[CERPEN] Hujan, Pelangi, Tak Seperti
Aku sudah sampai di depan rumahnya. Warna kuningnya memudar dibanding
terakhir kali kulihat. Remang lampu menyinari pintu yang sesaat lagi akan aku
ketuk. Gerimis masih diundang turun, baju dinas yang belum kuganti sepulang
dari kantor masih belum terlalu basah.
***
"Mengapa
kamu baru pulang!"
Aku membayangkan dalam cemas kemarahan Bapak. Lariku semakin melambat,
pundakku sudah tidak kuat. Jalanan becek berlumpur terciprat sampai betis.
Terkadang satu kakiku terperosok dalam ke lubang jalan. Karena saat itu, bulan
masih pudar dalam bayang, tentu bintang pun hilang oleh awan. Tapi itu tak menghalangiku
untuk segera pulang.
Aku berpapasan dengan Bapak di jalan. Sepertinya ia baru saja pulang dari
warung. Ketika melihatku, ia bergegas mendekat, tangannya mengeras tegang,
lantas dengan keras menamparku. Bau alkohol menyeruak ketika ia mulai bicara.
"Kenapa
kamu bawa cewe itu pulang, hahaha!"
Aku hanya diam, tak mungkin aku beritahu kondisi temanku ini kepada orang
yang sedang melantur.
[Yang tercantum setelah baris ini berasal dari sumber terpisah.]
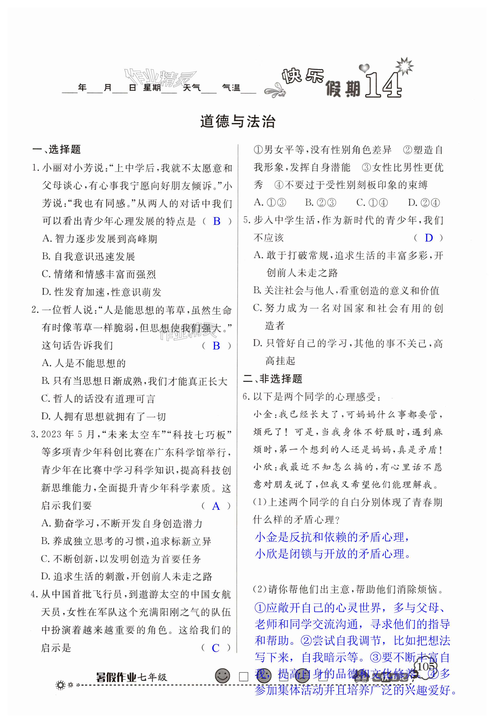 注:目前有些书本章节名称可能整理的还不是很完善,但都是按照顺序排列的,请同学们按照顺序仔细查找。练习册 2024年百年学典快乐假期暑假作业七年级综合北师大版 答案主要是用来给同学们做完题方便对答案用的,请勿直接抄袭。
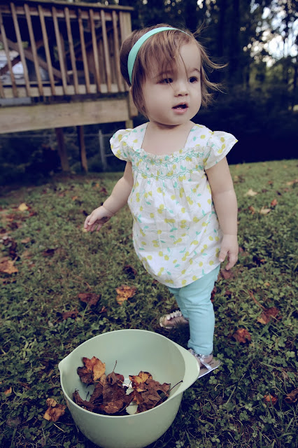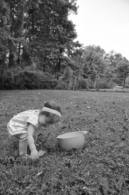 And, when our harvest was complete (topped with a piece of pine straw E.V. declared worthy of the bowl with a simple “Woooow!” as she added the anomaly to our collection), she dumped out the contents and started again. And again we filled the bowl. And again she dumped it out. And again we filled the bowl. It was a perfect way to ring in the new season–and for tomorrow? I’m thinking something pumpkin or apple or cinnamon…or all three. ;)
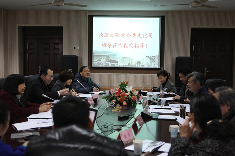 2月27日,文化部公共文化司副司长周广莲来浙江艺术职业学院调研全国基层文化队伍培训基地情况。浙江省文化厅副厅长柳河,浙江省文化厅公共文化处处长任群,浙江图书馆党委副书记徐洁,浙江省文化馆副馆长邬勇,浙艺院党委副书记、副院长朱海闵,党委副书记黄杭娟,继续教育学院院长谢青等参加座谈。
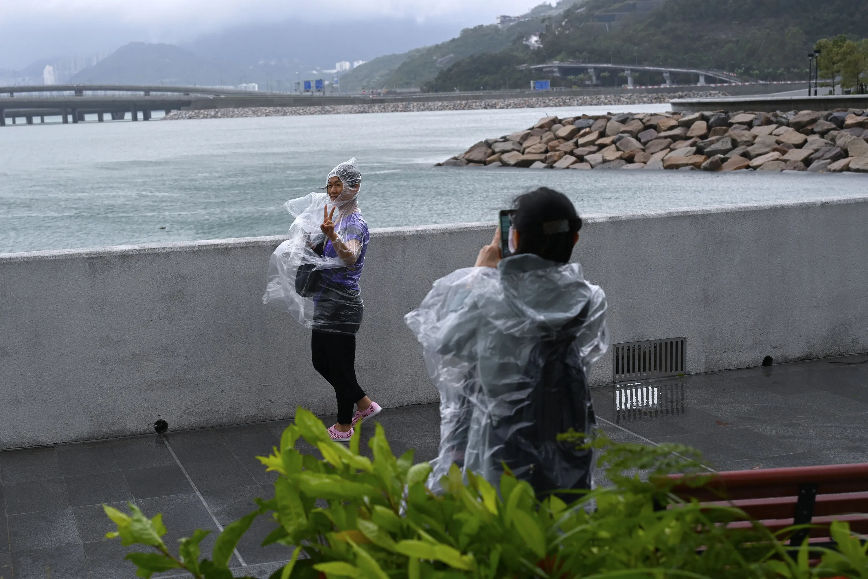 People pose for photographs in the wind during Typhoon Saola in Tseung kwan O, in Hong Kong on Saturday, September 2, 2023. Typhoon Saola made landfall in southern China before dawn Saturday after nearly 900,000 people were moved to safety and most of Hong Kong and other parts of coastal southern China suspended business, transport and classes. (Photo by Billy H.C. Kwok/AP Photo)
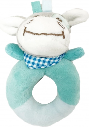 Toto hebké chrastítko pro nejmenší kombinuje roztomilý design oslíka s funkčním kroužkem pro snadné držení. Díky příjemnému plyši a jemnému chřestění pomáhá rozvíjet sluch, hmat i motoriku dítěte. Lehká konstrukce je vhodná pro první pokusy o uchopení a třesení.
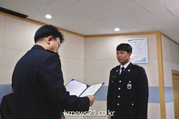 이날 기념식에서는 해양경찰 업무 발전에 이바지한 공로로 이후영(36세)순경이 경장으로 1계급
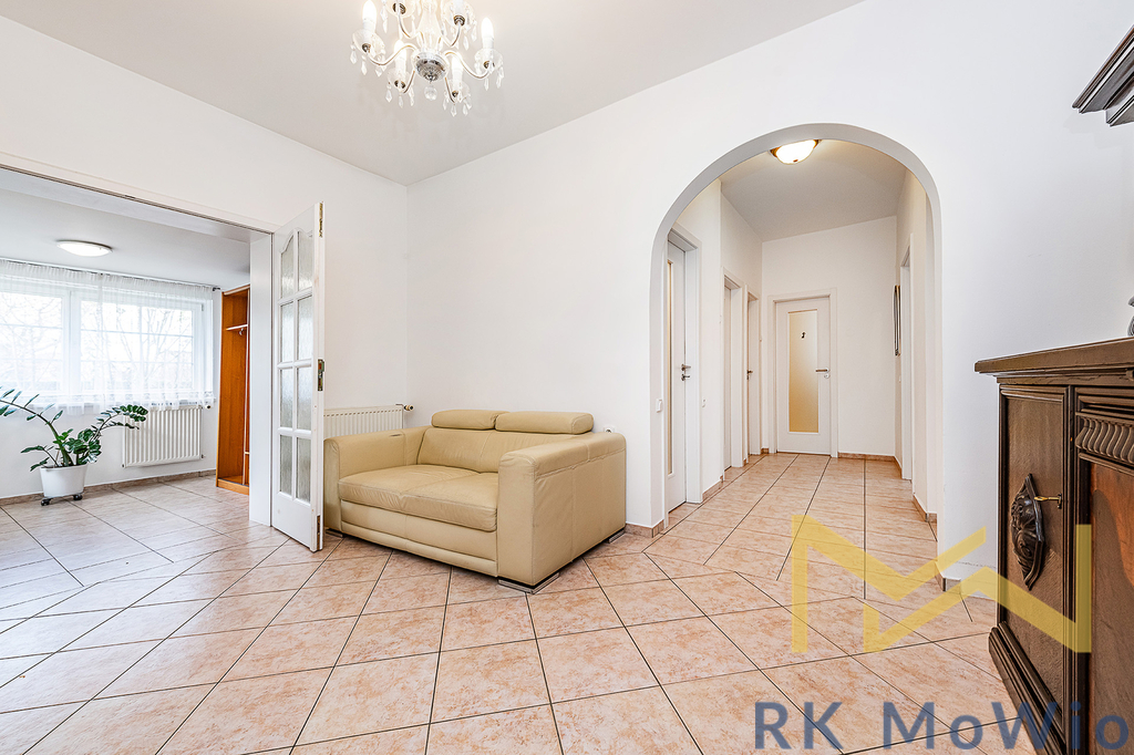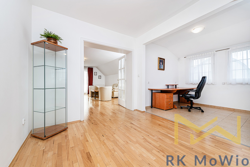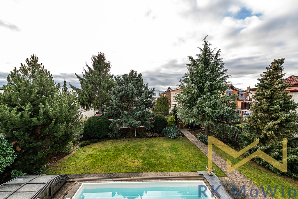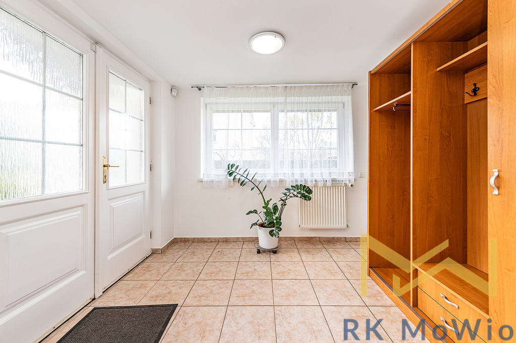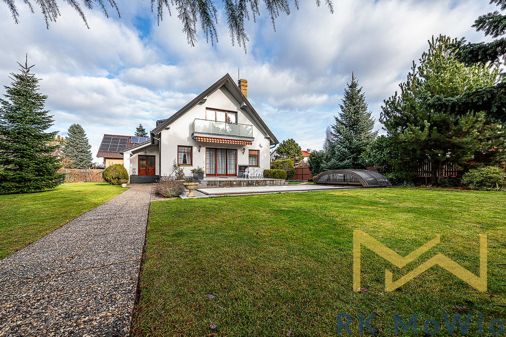 Přízemí domu disponuje předsíní, prostorným obývacím pokojem s krbem a jídelním prostorem se vstupem na terasu a zahradu s bazénem, samostatnou kuchyní, dvěma ložnicemi, koupelnou s vanou a dvěma umyvadly, samostatnou toaletou a technickou místností. V patře domu se nachází druhý obývací pokoj, či herna se vstupem na balkónem, dvě ložnice, pracovní kout, koupelna se sprchou a toaletou. Suterén nabízí spoustu úložných prostor, toaletu, sprchu a garáž. Vybavení bytu: kuchyňská linka (včetně lednice s mrazákem, sklokeramické varné desky, digestoře, myčky a elektrické trouby), vestavěné skříně, centrální vysavač, elektrické žaluzie, podlahové topení, pračka a sušička, příprava pro vysokorychlostní internet, dřevěné podlahy a dlažba.
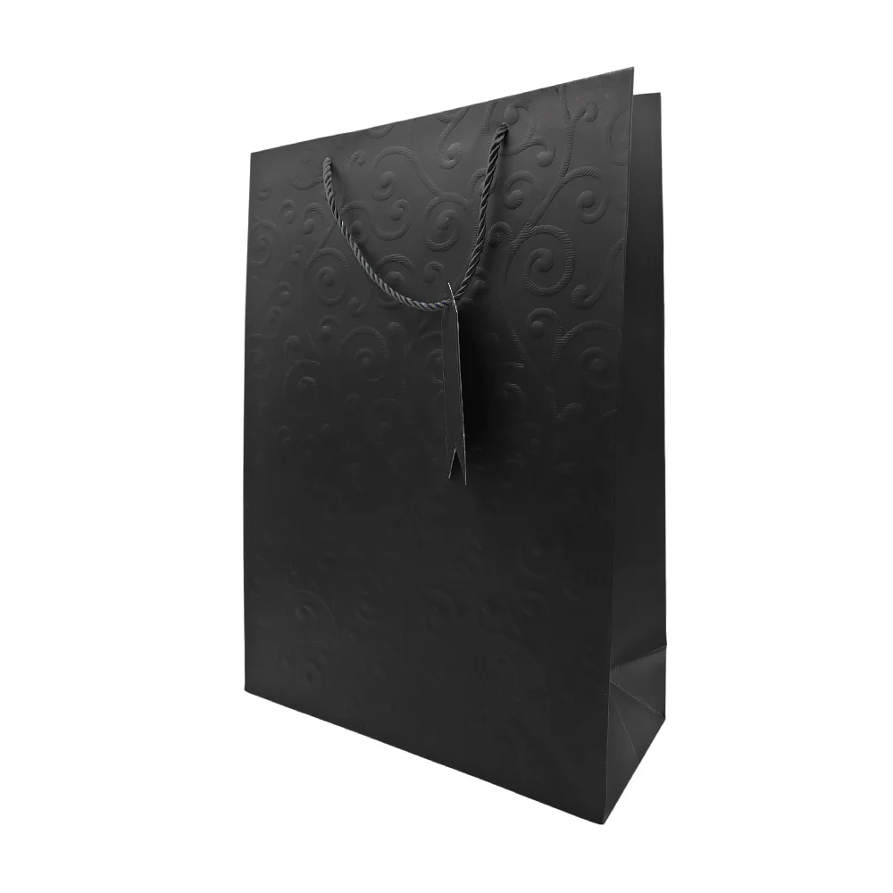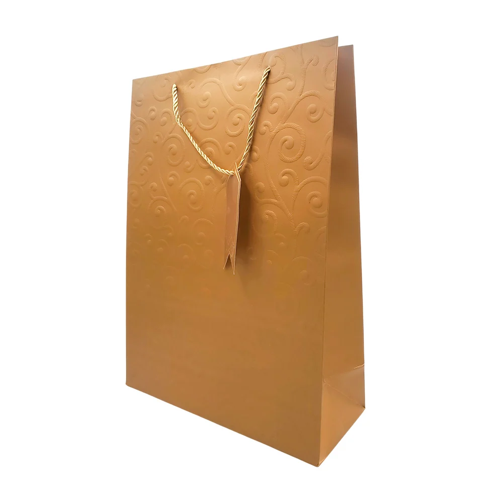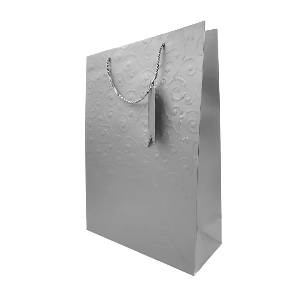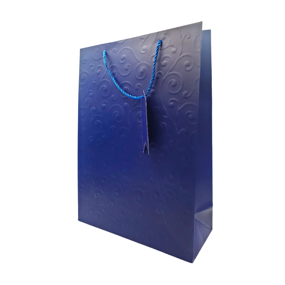 Bolsa de regalo matte con relieve de espirales, curvas y etiqueta, 30x12x41.5
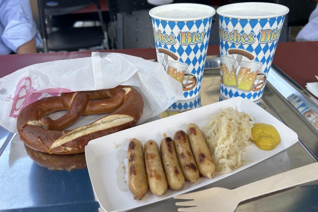 札幌市の姉妹都市、ドイツ・ミュンヘンのブース「ミュンヘングルメガーデン」もあります。アップルワインやドイツビール、ソーセージやプリッツェルなどドイツの本場の味を楽しめます。ドイツビールの「カーメリテン」のピルスとクロスターゴールド(各1100円)に、ソーセージの「ニュンベルガー」とザワークラウトの盛り合わせ(750円)、プレッツェル(600円)を合わせてみましょう。カーメリテンは10センチほどの小ぶりなソーセージ。からしを付けるとビールに良く合います。ザワークラウトは丸みを帯びた酸味がおいしい。プリッツェルは発酵バターを使っているそうで、バターの香りが強く、塩気もあるのでビールが進みます。
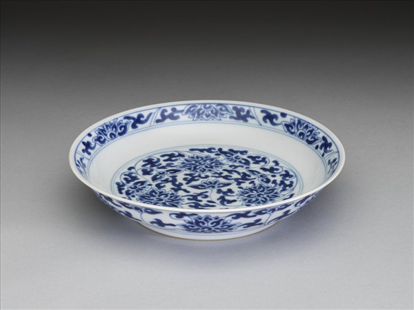 侈口窄唇,淺壁,矮圈足。胎質較薄,外壁畫盛開及待開之纏枝番蓮共十二朵,盤心雙圈青線內則繪綻放之番蓮三朵與未綻番蓮七朵,內壁口沿飾番蓮紋一周。底有「大清乾隆年製」三行六字篆款。
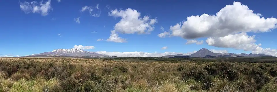 Panorama of Mount Ruapehu and Mount Ngauruhoe looking west from the Desert Road in January 2015
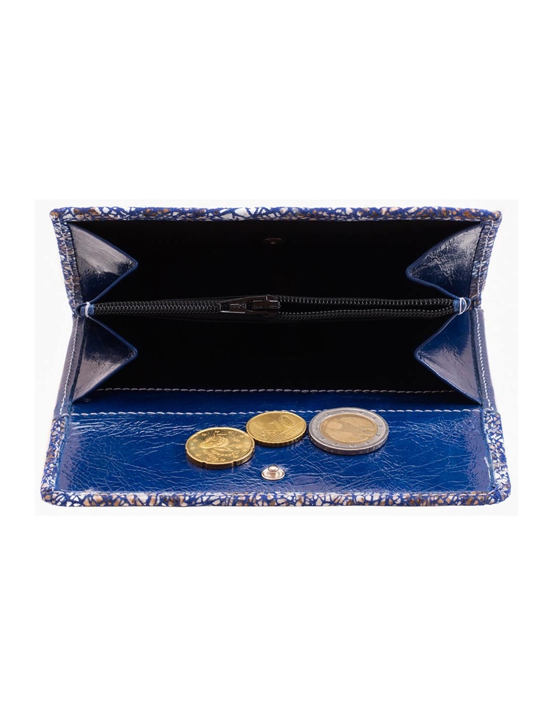 Monedero exterior con cierre de solapa.

Aku terlalu
berharap tentang ekspresi kecemasannya.
Aku bergegas pulang, rumahku sangat jauh dari warung tadi. Aku langsung
masuk tanpa mengetuk. Jejak sandal berbekas di lantai. Lalu segera
membaringkannya di tikar berbolong, tiada alas layak yang kupunya. Aku
mengambil segelas air, jaga jaga jika ia mungkin bangun. Aku tak tahu bagaimana
harus bertindak, hanya ini yang bisa kulakukan.
Kakek tua
melihatku terburu-buru membawa kayu bakar, bibir keriputnya bergerak tatkala
langkah kakiku sampai depan pintu.
"Kamu
kenapa terburu-buru?"
Giginya terus
bergentak akibat hujan, tapi rautnya masih terus tersenyum kepadaku, menantikan
jawaban dari pertanyaannya.
"Ana Bah,
ia dilecehkan lagi di sekolah!", lagi-lagi ia tersenyum. Bahkan ketika jawaban
yang kuberikan bukanlah jawaban yang menyenangkan.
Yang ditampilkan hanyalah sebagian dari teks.